作者
Jacob Fredsøe,Anne Rasmussen,Peter Mouritzen,Michael Borre,Torben Ørntoft,Karina Dalsgaard Sørensen
摘要
Improved biomarkers for prostate cancer (PC) risk stratification are urgently needed. Here, we aimed to develop a novel multimarker model for prediction of biochemical recurrence (BCR) after curatively intended radical prostatectomy (RP), based on minimally invasive sampling of blood and urine. We initially measured the levels of 45 selected miRNAs by RT-qPCR in exosome enriched cell-free urine samples collected prior to RP from 215 PC patients (Cohort 1, training). We trained a novel logistic regression model (pCaP), comprising five urine miRNAs (miR-151a-5p, miR-204-5p, miR-222-3p, miR-23b-3p and miR-331-3p) and serum prostate-specific antigen (PSA), which significantly predicted time to BCR in Cohort 1 (univariate Cox regression analysis: HR = 3.12, p < 0.001). Next, using the same exact numeric cutoff for dichotomization as trained in Cohort 1, we tested and successfully validated the prognostic potential of pCaP in two additional cohorts, including 199 (Cohort 2, HR = 2.24, p = 0.002) and 205 (Cohort 3, HR = 2.15, p = 0.004) RP patients, respectively. pCaP remained a significant predictor of BCR, also after adjustment for pathological T-stage, surgical margin status and Gleason grade group (p < 0.05 in multivariate Cox regression analysis: HR = 2.72, 1.94 and 1.83 for Cohorts 1, 2 and 3, respectively).
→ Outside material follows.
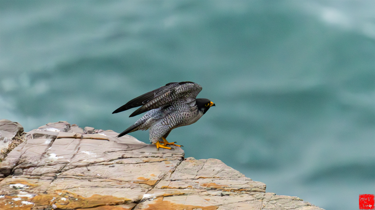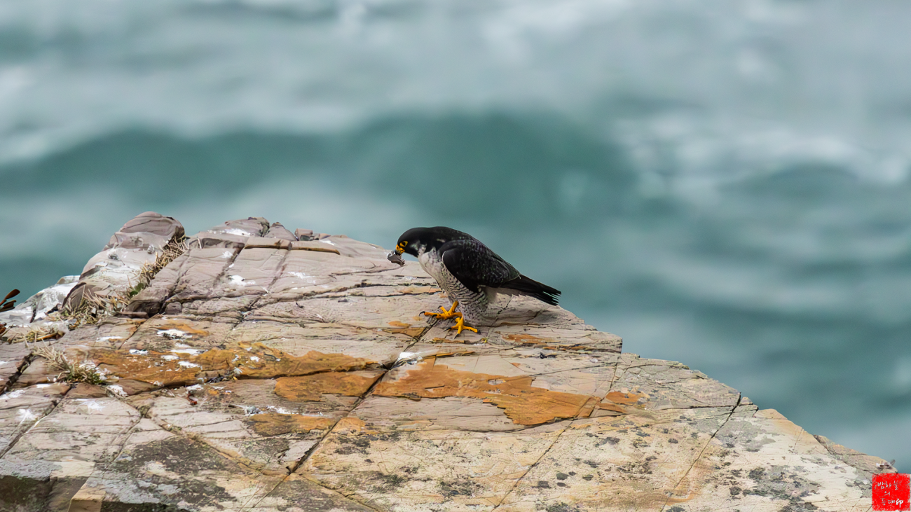 시속 300km 이상의 빠른 속도로 나는 송골매를 바다를 배경으로 하는 보케와 함께 담는

Additionally, pCaP scores correlated positively with the established clinical risk stratification nomogram CAPRA in all three PC cohorts (Pearson's rho: 0.45, 0.39 and 0.44). Together, our results suggest that the minimally invasive pCaP model could potentially be used in the future to improve PC risk stratification and to guide more personalized treatment decisions. Further clinical validation studies are warranted.